*** Data supplied Section Begins ***

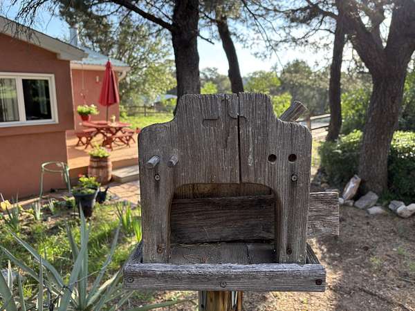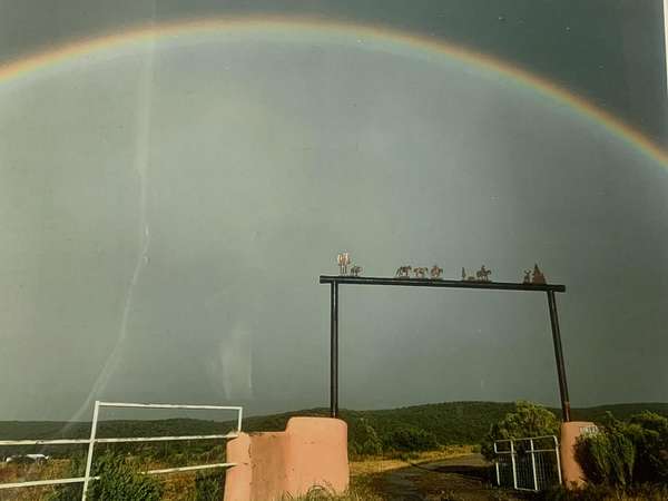 Head East on I-40 from Albuquerque. Exit I-40 at Exit sign 181 , and head east on Highway 333, US Route 66 continuing east. Pass Mountain Valley Rd, then turn right on Barton Rd. heading south. Go past the cemetary, once you are at E Trail, the very next driveway is Barton Road. You'll see the cowbow wrought iron entrance. Turn left and follow the signs. The home will be on your right hand side.
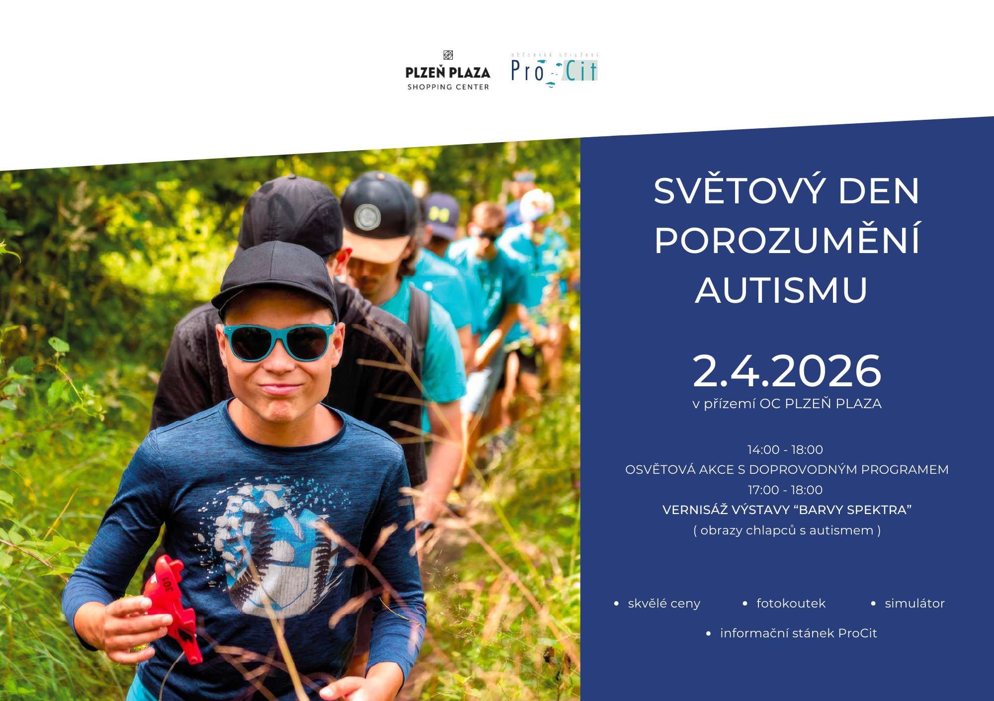 Občanské sdružení ProCit ve spolupráci s obchodním centrem Plzeň Plaza připravuje osvětovou akci u příležitosti Světového dne porozumění autismu. Uskuteční se 2. dubna 2026 od 14:00 do 18:00 hodin v prostorách obchodního centra u Starbucks.
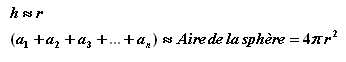 C'est-à-dire que quand h tend vers zéro, les deux sphères se confondent et l'aire de la sphère S1 égale l'aire de la sphère S2 qui égale , ce qui est bien l'aire d'une sphère de rayon r.
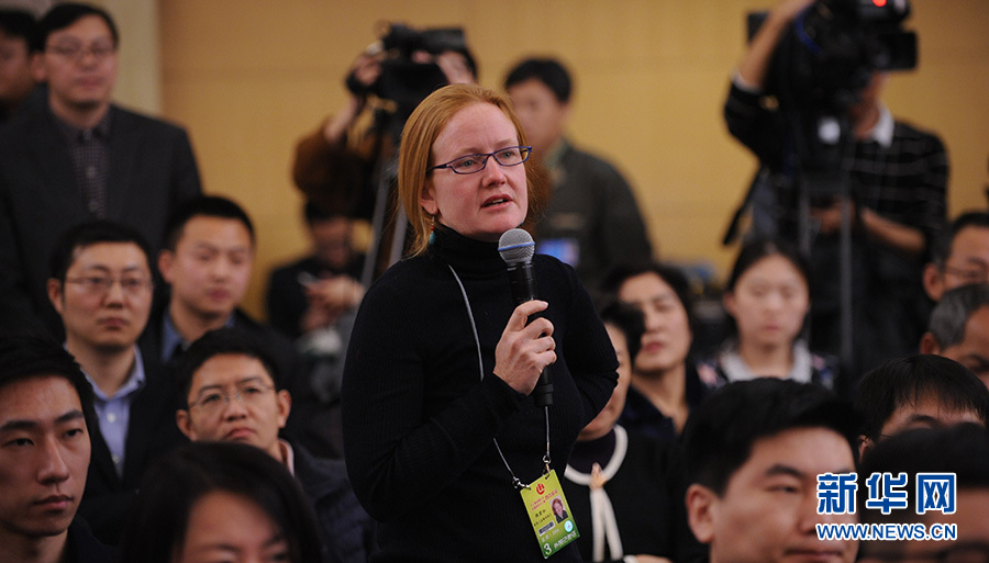 ?????十二屆全國人大四次會議新聞中心于3月12日(星期六)14時30分在梅地亞中心多功能廳舉行記者會,邀請國務(wù)院國有資產(chǎn)監(jiān)督管理委員會主任肖亞慶、副主任張喜武、副主任黃丹華和副秘書長、新聞發(fā)言人彭華崗就“國企改革”的相關(guān)問題回答中外記者的提問。圖為金融時報記者提問。新華網(wǎng)/中國政府網(wǎng) 陳杰 攝
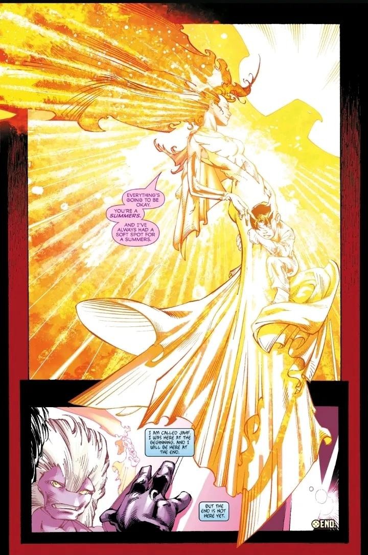 瑞秋指出凤凰之力在充满愤怒和憎恨的加百列·萨默斯手中,将会吞噬所有现实独眼龙说服他将凤凰之力归还原主,他照做并死去了。随后琴作为白凤凰现身在加百列面前安慰他,并声称自己总是对萨默斯家的人情有独钟。
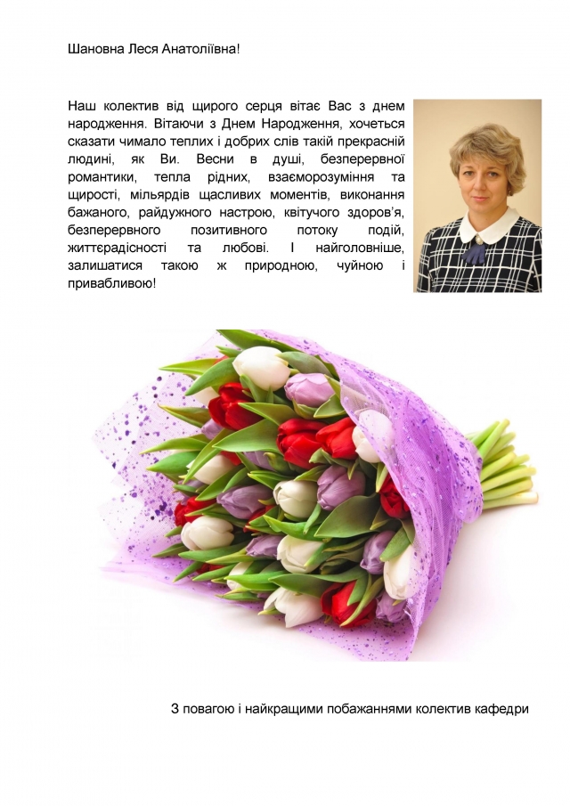 Кафедра вітає з Днем народження Гарбар Лесю Анатоліївну!
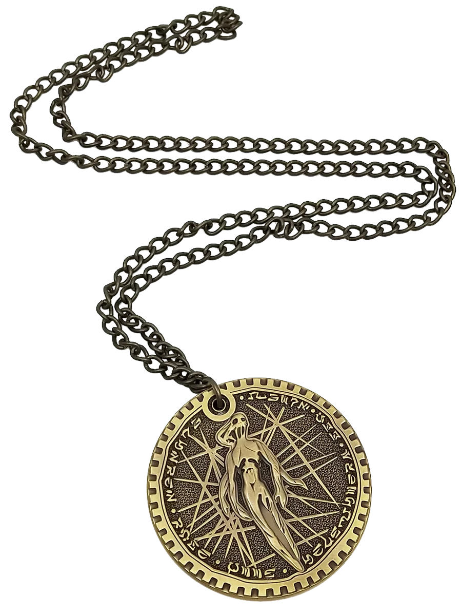 Toen ik het oppakte werd ik verrast door een korte elektrische schok. Dit was geen normaal medaillon! Het was ook versierd met een occult figuur en allerhande onontcijferbare Aklo tekens. Toen wij ons even later weer buiten het desolate pand stonden, werd duidelijk welke kracht het artefact in ieder geval bevatte: ik bemerkte niets meer van het ijzig koude weer. Net als op eerdere momenten bemerkten dat fez-dragende figuren ons observeerden. Het amulet hield ik angstvallig uit het zicht.
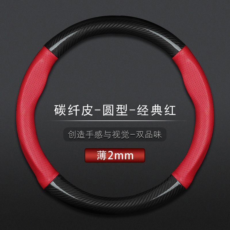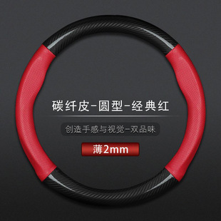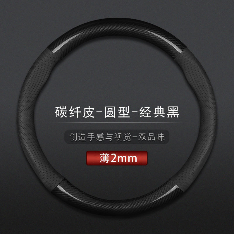 汽车方向盘套防滑吸汗超薄方向盘D型把套透气四季 通用真皮薄款
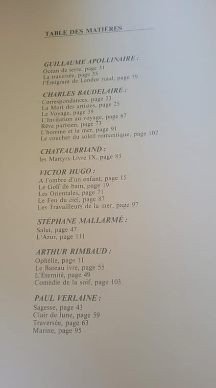 Textes et poèmes de Guillaume Apollinaire, Charles Baudelaire, Chateaubriand, Victor Hugo, Stéphane Mallarmé, Arthur Rimbaud, Paul Verlaine. Bon état d’occasion
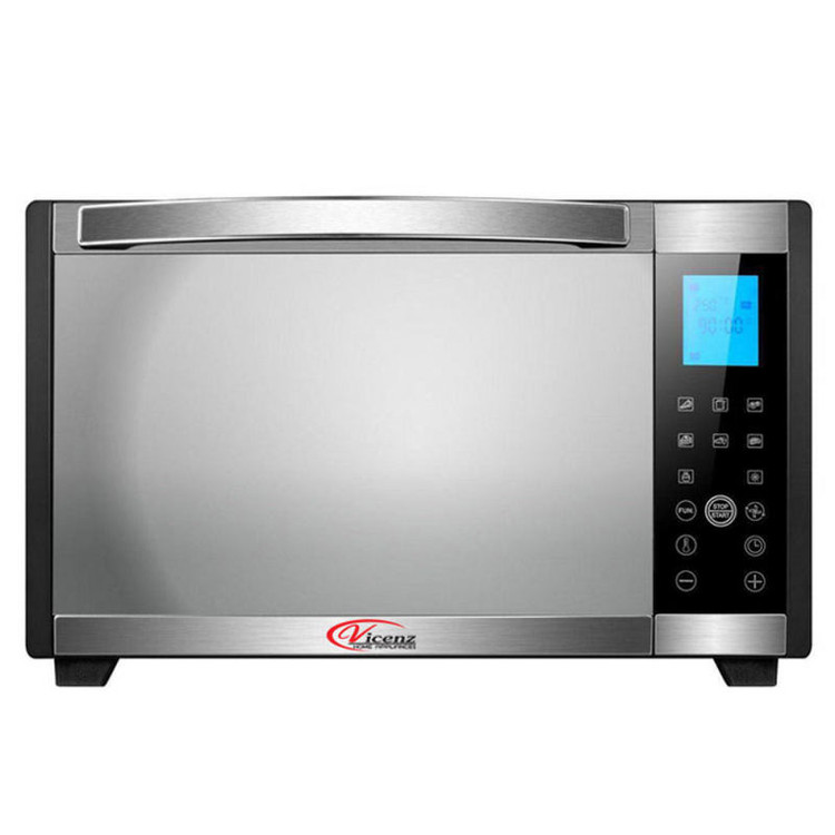 آون توستر ویکنز مدل VIC-340 با برخورداری از ظرفیت 50 لیتر و موتور قوی، امکان تهیه غذاهای حجیم، سالم و متنوعی را به راحتی و ظرف مدت کوتاهی فراهم می کند. ویکنز برای زیباتر کردن این آون، درب آن را به صورت رفلکس طراحی کرده که علاوه بر کیفیت ساخت فوق العاده بالا، زینت بخش آشپزخانه ها می باشد. پنل لمسی و صفحه نمایش دیجیتال از دیگر نقاط قوت آون توستر Vicenz VIC 340 محسوب می شود که افزون بر نمای ظاهری زیبا، کار با دستگاه را آسانتر می نماید. برای این آون 50 لیتری، یک سینی و توری در نظر گرفته شده تا بتوان به سهولت غذاها را گریل و کباب کرد و یا نان و شیرینی های خوشمزه ای را در آنها آماده نمود و یا به کمک جوجه گردان، یک مرغ کامل را برای میهمانان و یا خانواده بریان کرد. آون توستر 340 به عملکرد کانوکشن نیز مجهز شده که با ایجاد جریان یکنواخت هوای داغ، امکان پخت بهتر و مطلوب تری را بوجود می آورد. همچنین دمای داخل آون را بسته به نوع مواد غذایی، میتوان تا 250 درجه سانتی گراد تنظیم کرد و وجود تایمر قابل تنظیم باعث می شود تا در صورت فراموشی، غذاها نسوزند.
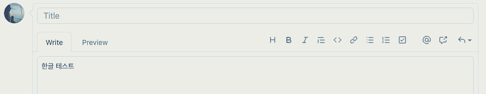 증상을 만들어보자. 우선 "한글 데데데스트"를 타이핑을 했다.
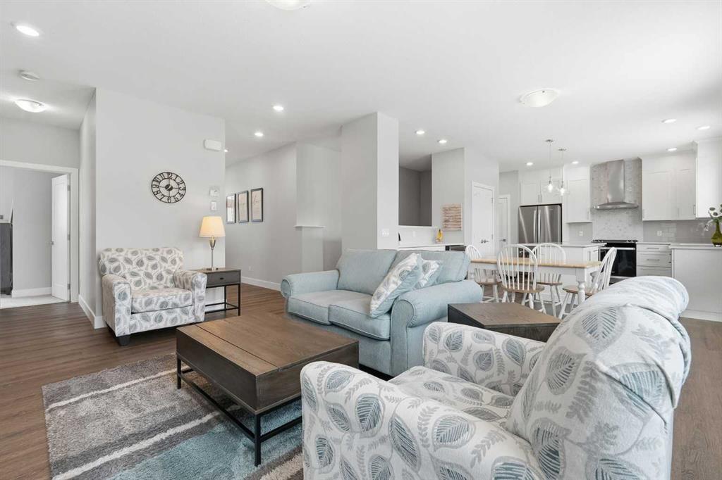 Experience the ease of lock-and-leave villa living in this nearly brand-new home, completed in 2024 and still carrying that fresh, new-home feel (and smell!) Elegantly and functionally designed, this low-maintenance villa offers tons of developed living space and is surrounded by everyday conveniences, including a nearby nature reserve, Spruce Meadows, shopping, and excellent access to major transportation routes. Inside, the home is loaded with upgrades. Through the front door you’re greeted with luxurious vinyl plank flooring underfoot, high ceilings above, and a neutral color palette throughout - each space absolutely drenched in natural sunlight. A quaint den to your right offers flexible use, while a handy half bath is thoughtfully tucked away from the main living and dining areas. You’re then welcomed into the bright living room, featuring a gorgeous upgraded gas fireplace and access to your rear deck, complete with a gas hookup for your BBQ. The kitchen & dining area truly anchor the home with their “wow” factor: extended height cabinets, a stunning hood fan, gas range, fridge with water, and a built-in microwave all form part of the upgraded appliance package. Quartz countertops make prep and cleanup effortless, while under-cabinet lighting adds warmth and ambiance at the end of the day. All cabinetry is finished with soft-close hinges and practical organizers throughout. The dedicated coffee/butler server station with a beverage cooler keeps your main counter space free and functional, and offers even more prep & storage space. The main level is designed with true convenience in mind, including side-by-side laundry. The generous primary bedroom features a large walk-in closet that leads into your spa-like 5-piece ensuite complete with dual sinks, a stunning tub, stand-alone shower, separate toilet room, and luxurious in-floor heating. Downstairs, high ceilings create a bright, open feel that’s far from a typical basement. A huge living area offers flexibility for a gym, media space, games room - whatever suits your lifestyle. Two additional bedrooms, a 4-piece bathroom, and ample storage complete the lower level. The utility room includes a high-efficiency furnace, sump pump, rough-in for radon mitigation, air exchange system, and a large hot water tank. This villa is finished with central A/C, a double attached garage, and a generously sized driveway (shoveled by the condo corp!) Beautifully appointed and designed for effortless living, this home is the perfect blend of comfort, luxury, and low-maintenance convenience - an ideal option for anyone seeking easy living. This is truly a smart move. MLS®: A2272391 - Silverado Attached-Side by Side,Bungalow $635,000
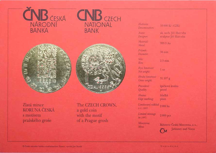 | 1464. | Karta (certifikát) pro minci 10000 Kč 1997 - Karel IV. | N | 300,- | --.- |

*** Data supplied Section Ends ***

→ **Task**
Could you please write out the entries exactly as they are, with every picture left out?

→ **Answer below**
 Head East on I-40 from Albuquerque. Exit I-40 at Exit sign 181 , and head east on Highway 333, US Route 66 continuing east. Pass Mountain Valley Rd, then turn right on Barton Rd. heading south. Go past the cemetary, once you are at E Trail, the very next driveway is Barton Road. You'll see the cowbow wrought iron entrance. Turn left and follow the signs. The home will be on your right hand side.
 Občanské sdružení ProCit ve spolupráci s obchodním centrem Plzeň Plaza připravuje osvětovou akci u příležitosti Světového dne porozumění autismu. Uskuteční se 2. dubna 2026 od 14:00 do 18:00 hodin v prostorách obchodního centra u Starbucks.
 C'est-à-dire que quand h tend vers zéro, les deux sphères se confondent et l'aire de la sphère S1 égale l'aire de la sphère S2 qui égale , ce qui est bien l'aire d'une sphère de rayon r.
 ?????十二屆全國人大四次會議新聞中心于3月12日(星期六)14時30分在梅地亞中心多功能廳舉行記者會,邀請國務(wù)院國有資產(chǎn)監(jiān)督管理委員會主任肖亞慶、副主任張喜武、副主任黃丹華和副秘書長、新聞發(fā)言人彭華崗就“國企改革”的相關(guān)問題回答中外記者的提問。圖為金融時報記者提問。新華網(wǎng)/中國政府網(wǎng) 陳杰 攝
 瑞秋指出凤凰之力在充满愤怒和憎恨的加百列·萨默斯手中,将会吞噬所有现实独眼龙说服他将凤凰之力归还原主,他照做并死去了。随后琴作为白凤凰现身在加百列面前安慰他,并声称自己总是对萨默斯家的人情有独钟。
 Кафедра вітає з Днем народження Гарбар Лесю Анатоліївну!
 Toen ik het oppakte werd ik verrast door een korte elektrische schok. Dit was geen normaal medaillon! Het was ook versierd met een occult figuur en allerhande onontcijferbare Aklo tekens. Toen wij ons even later weer buiten het desolate pand stonden, werd duidelijk welke kracht het artefact in ieder geval bevatte: ik bemerkte niets meer van het ijzig koude weer. Net als op eerdere momenten bemerkten dat fez-dragende figuren ons observeerden. Het amulet hield ik angstvallig uit het zicht.
 汽车方向盘套防滑吸汗超薄方向盘D型把套透气四季 通用真皮薄款
 Textes et poèmes de Guillaume Apollinaire, Charles Baudelaire, Chateaubriand, Victor Hugo, Stéphane Mallarmé, Arthur Rimbaud, Paul Verlaine. Bon état d’occasion
 آون توستر ویکنز مدل VIC-340 با برخورداری از ظرفیت 50 لیتر و موتور قوی، امکان تهیه غذاهای حجیم، سالم و متنوعی را به راحتی و ظرف مدت کوتاهی فراهم می کند. ویکنز برای زیباتر کردن این آون، درب آن را به صورت رفلکس طراحی کرده که علاوه بر کیفیت ساخت فوق العاده بالا، زینت بخش آشپزخانه ها می باشد. پنل لمسی و صفحه نمایش دیجیتال از دیگر نقاط قوت آون توستر Vicenz VIC 340 محسوب می شود که افزون بر نمای ظاهری زیبا، کار با دستگاه را آسانتر می نماید. برای این آون 50 لیتری، یک سینی و توری در نظر گرفته شده تا بتوان به سهولت غذاها را گریل و کباب کرد و یا نان و شیرینی های خوشمزه ای را در آنها آماده نمود و یا به کمک جوجه گردان، یک مرغ کامل را برای میهمانان و یا خانواده بریان کرد. آون توستر 340 به عملکرد کانوکشن نیز مجهز شده که با ایجاد جریان یکنواخت هوای داغ، امکان پخت بهتر و مطلوب تری را بوجود می آورد. همچنین دمای داخل آون را بسته به نوع مواد غذایی، میتوان تا 250 درجه سانتی گراد تنظیم کرد و وجود تایمر قابل تنظیم باعث می شود تا در صورت فراموشی، غذاها نسوزند.
 증상을 만들어보자. 우선 "한글 데데데스트"를 타이핑을 했다.
 Experience the ease of lock-and-leave villa living in this nearly brand-new home, completed in 2024 and still carrying that fresh, new-home feel (and smell!) Elegantly and functionally designed, this low-maintenance villa offers tons of developed living space and is surrounded by everyday conveniences, including a nearby nature reserve, Spruce Meadows, shopping, and excellent access to major transportation routes. Inside, the home is loaded with upgrades. Through the front door you’re greeted with luxurious vinyl plank flooring underfoot, high ceilings above, and a neutral color palette throughout - each space absolutely drenched in natural sunlight. A quaint den to your right offers flexible use, while a handy half bath is thoughtfully tucked away from the main living and dining areas. You’re then welcomed into the bright living room, featuring a gorgeous upgraded gas fireplace and access to your rear deck, complete with a gas hookup for your BBQ. The kitchen & dining area truly anchor the home with their “wow” factor: extended height cabinets, a stunning hood fan, gas range, fridge with water, and a built-in microwave all form part of the upgraded appliance package. Quartz countertops make prep and cleanup effortless, while under-cabinet lighting adds warmth and ambiance at the end of the day. All cabinetry is finished with soft-close hinges and practical organizers throughout. The dedicated coffee/butler server station with a beverage cooler keeps your main counter space free and functional, and offers even more prep & storage space. The main level is designed with true convenience in mind, including side-by-side laundry. The generous primary bedroom features a large walk-in closet that leads into your spa-like 5-piece ensuite complete with dual sinks, a stunning tub, stand-alone shower, separate toilet room, and luxurious in-floor heating. Downstairs, high ceilings create a bright, open feel that’s far from a typical basement. A huge living area offers flexibility for a gym, media space, games room - whatever suits your lifestyle. Two additional bedrooms, a 4-piece bathroom, and ample storage complete the lower level. The utility room includes a high-efficiency furnace, sump pump, rough-in for radon mitigation, air exchange system, and a large hot water tank. This villa is finished with central A/C, a double attached garage, and a generously sized driveway (shoveled by the condo corp!) Beautifully appointed and designed for effortless living, this home is the perfect blend of comfort, luxury, and low-maintenance convenience - an ideal option for anyone seeking easy living. This is truly a smart move. MLS®: A2272391 - Silverado Attached-Side by Side,Bungalow $635,000
 | 1464. | Karta (certifikát) pro minci 10000 Kč 1997 - Karel IV. | N | 300,- | --.- |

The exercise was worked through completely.